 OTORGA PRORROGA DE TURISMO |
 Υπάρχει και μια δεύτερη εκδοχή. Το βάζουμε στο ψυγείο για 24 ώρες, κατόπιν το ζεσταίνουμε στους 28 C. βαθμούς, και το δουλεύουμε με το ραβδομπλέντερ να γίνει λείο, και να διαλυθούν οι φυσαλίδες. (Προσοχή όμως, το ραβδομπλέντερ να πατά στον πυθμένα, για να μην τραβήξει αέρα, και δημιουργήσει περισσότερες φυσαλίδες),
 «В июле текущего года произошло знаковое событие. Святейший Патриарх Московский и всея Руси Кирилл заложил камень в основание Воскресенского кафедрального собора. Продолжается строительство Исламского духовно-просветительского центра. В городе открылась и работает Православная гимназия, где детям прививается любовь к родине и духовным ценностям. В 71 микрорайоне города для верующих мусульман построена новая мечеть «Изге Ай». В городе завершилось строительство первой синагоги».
==
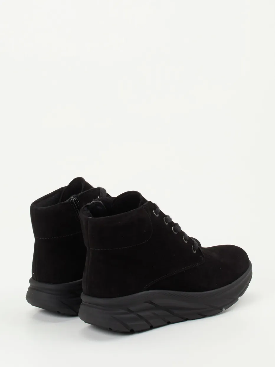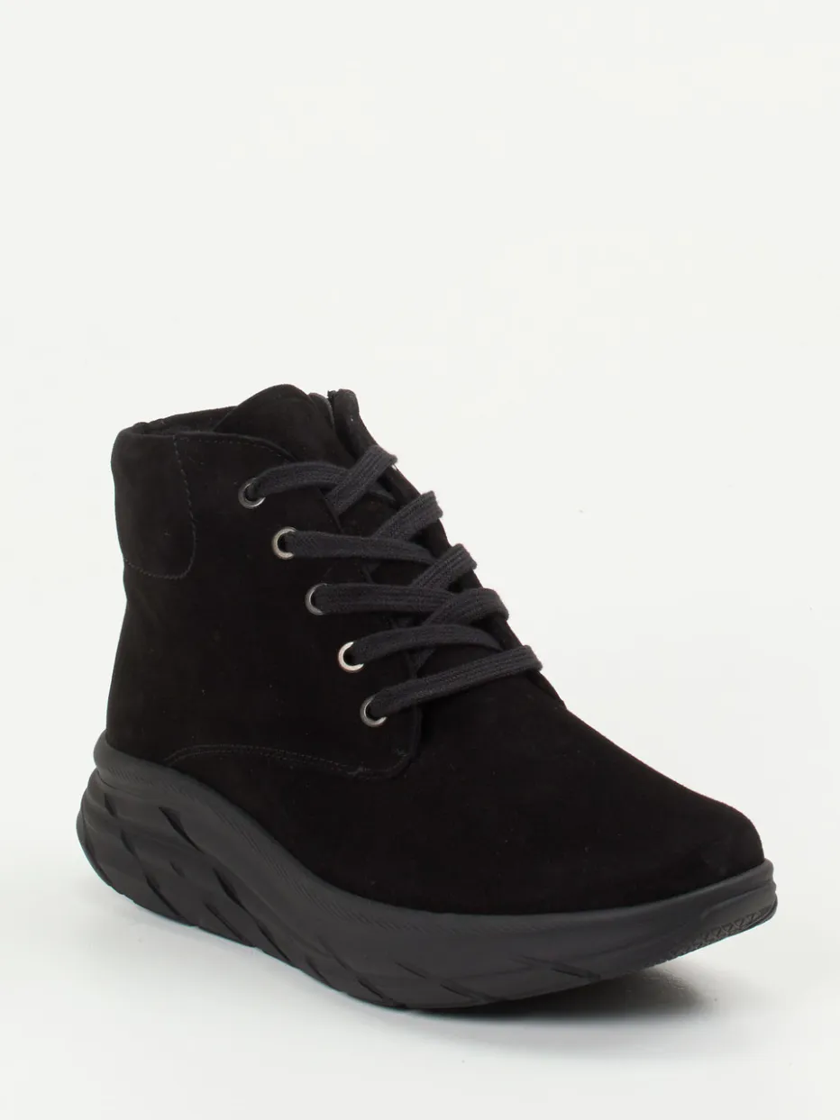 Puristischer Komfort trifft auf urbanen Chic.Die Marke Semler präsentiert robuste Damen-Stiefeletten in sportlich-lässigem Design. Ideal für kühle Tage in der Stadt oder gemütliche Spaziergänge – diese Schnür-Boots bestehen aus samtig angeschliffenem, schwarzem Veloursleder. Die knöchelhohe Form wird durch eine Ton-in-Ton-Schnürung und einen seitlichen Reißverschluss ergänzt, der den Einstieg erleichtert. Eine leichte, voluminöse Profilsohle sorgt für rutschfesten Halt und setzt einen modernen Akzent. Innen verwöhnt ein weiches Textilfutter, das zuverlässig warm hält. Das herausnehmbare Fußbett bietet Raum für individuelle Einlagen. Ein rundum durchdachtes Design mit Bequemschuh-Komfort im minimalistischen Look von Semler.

> **Problem to work on**: Using the entries shown above, reproduce verbatim the lines from the line bearing "OTORGA PRORROGA DE TURISMO |" to the line bearing "текущего года произошло", inclusive.

> **Response to this task**:
 OTORGA PRORROGA DE TURISMO |
 Υπάρχει και μια δεύτερη εκδοχή. Το βάζουμε στο ψυγείο για 24 ώρες, κατόπιν το ζεσταίνουμε στους 28 C. βαθμούς, και το δουλεύουμε με το ραβδομπλέντερ να γίνει λείο, και να διαλυθούν οι φυσαλίδες. (Προσοχή όμως, το ραβδομπλέντερ να πατά στον πυθμένα, για να μην τραβήξει αέρα, και δημιουργήσει περισσότερες φυσαλίδες),
 «В июле текущего года произошло знаковое событие. Святейший Патриарх Московский и всея Руси Кирилл заложил камень в основание Воскресенского кафедрального собора. Продолжается строительство Исламского духовно-просветительского центра. В городе открылась и работает Православная гимназия, где детям прививается любовь к родине и духовным ценностям. В 71 микрорайоне города для верующих мусульман построена новая мечеть «Изге Ай». В городе завершилось строительство первой синагоги».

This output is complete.